Affiliation:
1. Universidade Estadual de Campinas, Brasil
Abstract
ABSTRACT Purpose To analyze the influence of temperature on the flow/texture of different foods, immediately after preparation and after one hour, and 2) To compare the influence of varying the cook in food preparation, in relation to food flow. Methods This is a quantitative and experimental study. The IDDSI standardized flow test was used to evaluate the remaining volume in the syringe and the levels of foods (porridge, smoothie, liquid soup, and pureed light soup) prepared by different cooks, in triplicate, at time zero (T0) and after one hour (T1). Results Differences in temperature were observed in all foods at T0 and T1 (p < 0.05).

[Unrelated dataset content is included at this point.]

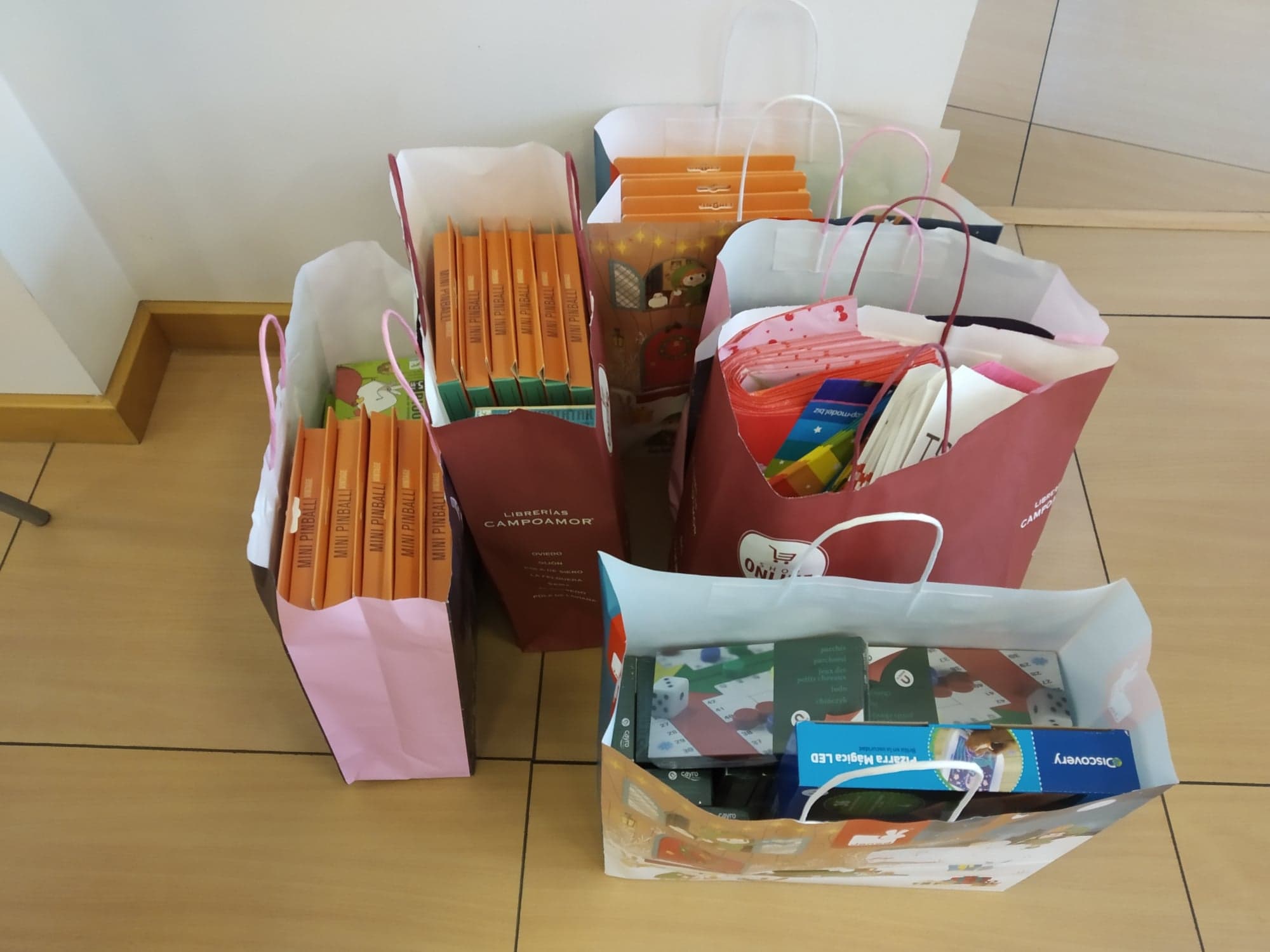Además de esto, todos los packs tienen: tijeras, pegamento, lápiz, goma, tajador, boli (para los mayores), tubo de purpurina con pegamento, colores, ceras o rotuladores (estos también en función de la edad) y libreta para que puedan crear sus propias actividades o dibujos. Todo está desinfectado uno a uno.

The IDDSI level changed only in porridge, from level 3 to 4 (p = 0.043). Modifications were observed in the preparation by different cooks for smoothie, on the 2nd and 3rd day (p = 0.049), from level 3 to 4 of IDDSI. In porridge, on the 1st and 3rd day (p = 0.048) and 2nd and 3rd day (p = 0.048), with a change from level 4 to 3 of IDDSI. Conclusion The temperature of all foods differed within the one-hour interval, with modifications in the flow test and in the IDDSI levels, from level 3 to 4, only for porridge. Different cooks prepared the smoothie and porridge with different characteristics, resulting in changes from level 3 to 4 in both foods.